Quotery
Quote #40845

When he shall die,
Take him and cut him out in little stars,
And he will make the face of heaven so fine
That all the world will be in love with night,
And pay no worship to the garish sun.

William Shakespeare

About This Quote

These lines are spoken by Juliet in Shakespeare’s tragedy *Romeo and Juliet*, during the balcony scene. Having just learned that Romeo is a Montague—enemy to her Capulet family—Juliet nonetheless yields to the intensity of their sudden love. In Act 3, Scene 2, as she impatiently awaits nightfall and Romeo’s arrival after their secret marriage, she imagines Romeo transfigured after death into stars that beautify the heavens.

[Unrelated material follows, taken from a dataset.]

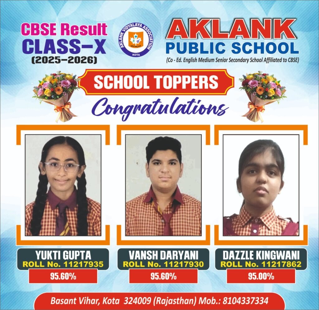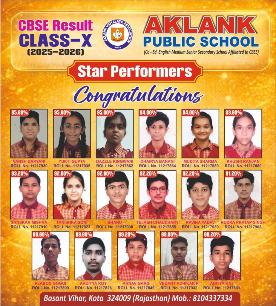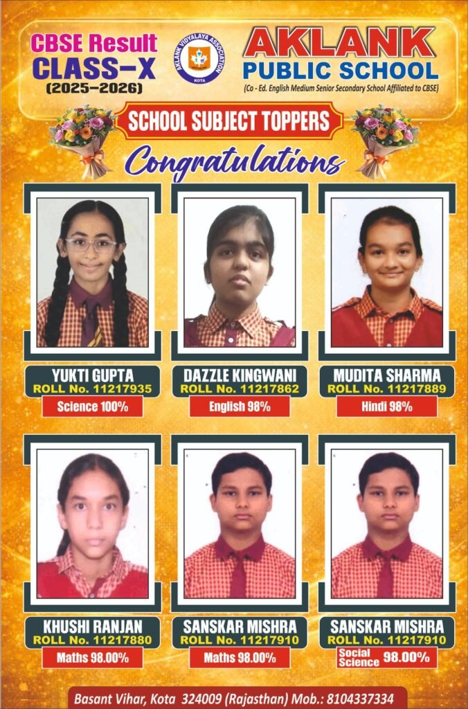 AKLANK PUBLIC SCHOOL, the name which has become a paragon in the field of education, caters to the developments of the contours of the student’s personality. It was founded in 1944 by the stalwarts of the elite Jain Society of Kota, after the name of the well-known Jain Saint Swami Aklank Dev.
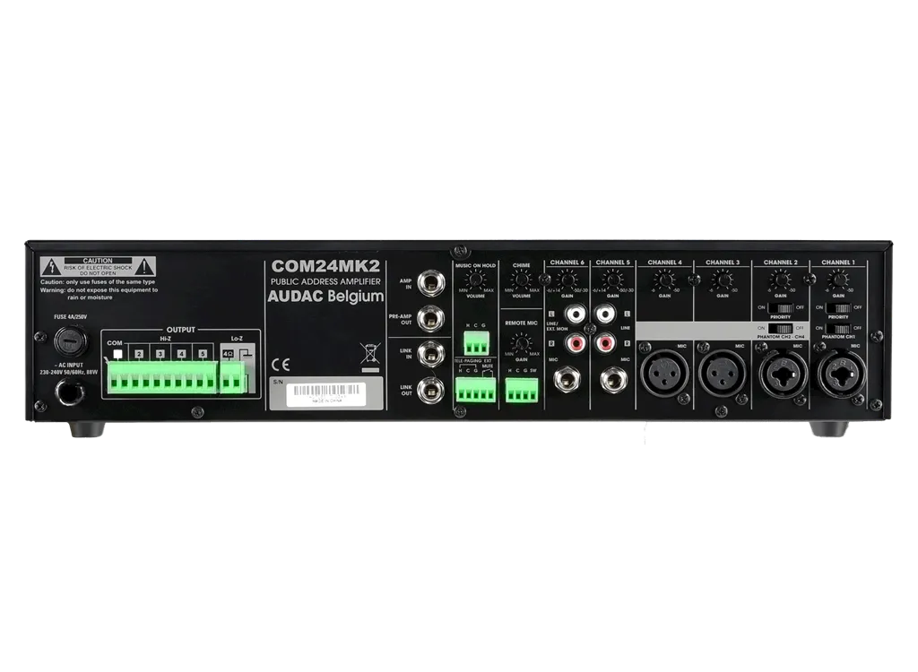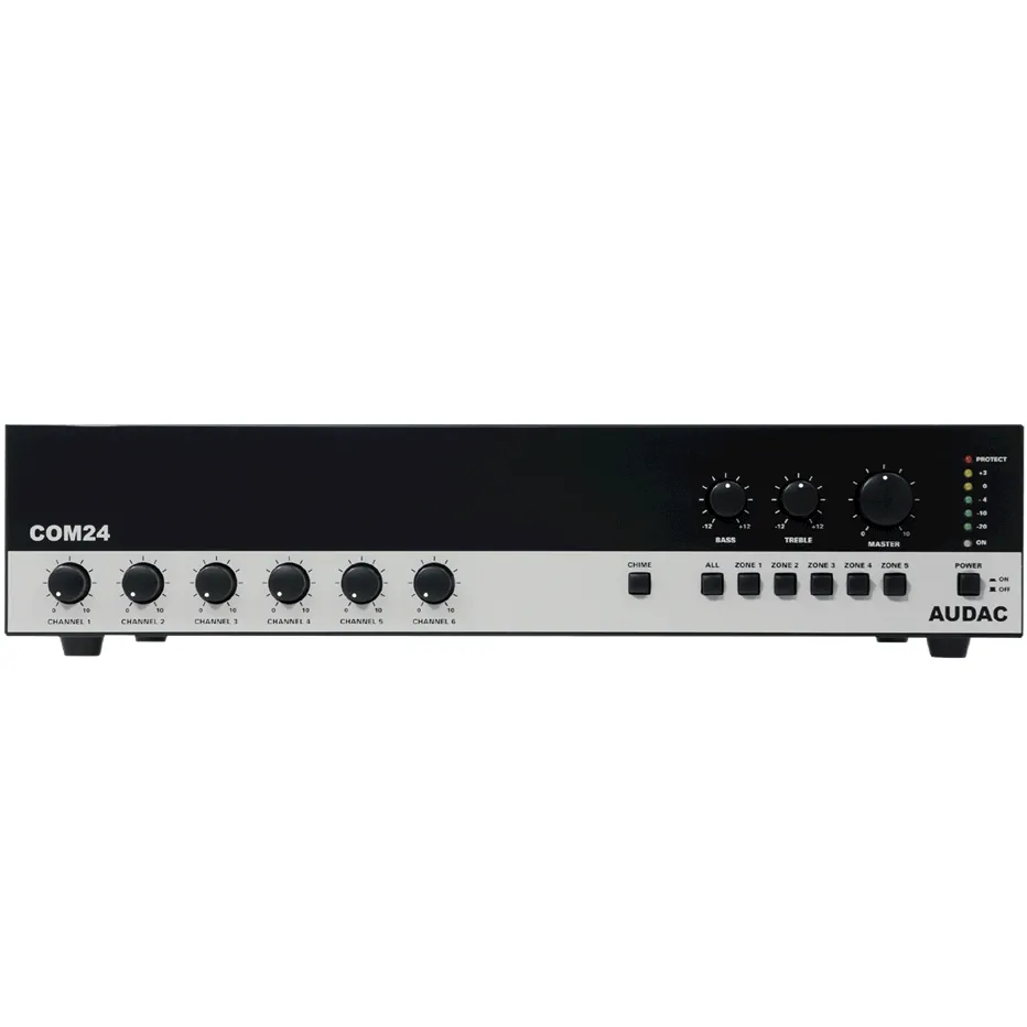 Микшерный усилитель COM24MK2 это надежное устройство, которое предназначено для работы в режиме 24/7. Дополнительную надежность обеспечивает встроенная активная защита от КЗ, перегрева и перегрузки. Питание устройства осуществляется от стандартной сети 220 В AC.

The speech belongs to a sequence of images in which Juliet associates Romeo with light and celestial radiance, even as the play’s action is moving toward violence and catastrophe.

Interpretation

Juliet’s fantasy turns mortal loss into cosmic beauty: Romeo’s death would not end love but scatter it across the sky, making night itself an object of universal devotion. The conceit intensifies the play’s recurring opposition between night and day—night as the lovers’ refuge, day as the realm of public feud and “garish” exposure. Her language also foreshadows the tragedy’s outcome, revealing how love in the play is inseparable from death and memorialization. The image of being “cut…out in little stars” suggests both violence and apotheosis, capturing the paradox of a love that feels eternal yet is threatened by the world’s brutality.

Source

William Shakespeare, *Romeo and Juliet*, Act 3, Scene 2 (Juliet’s speech beginning “Gallop apace, you fiery-footed steeds”).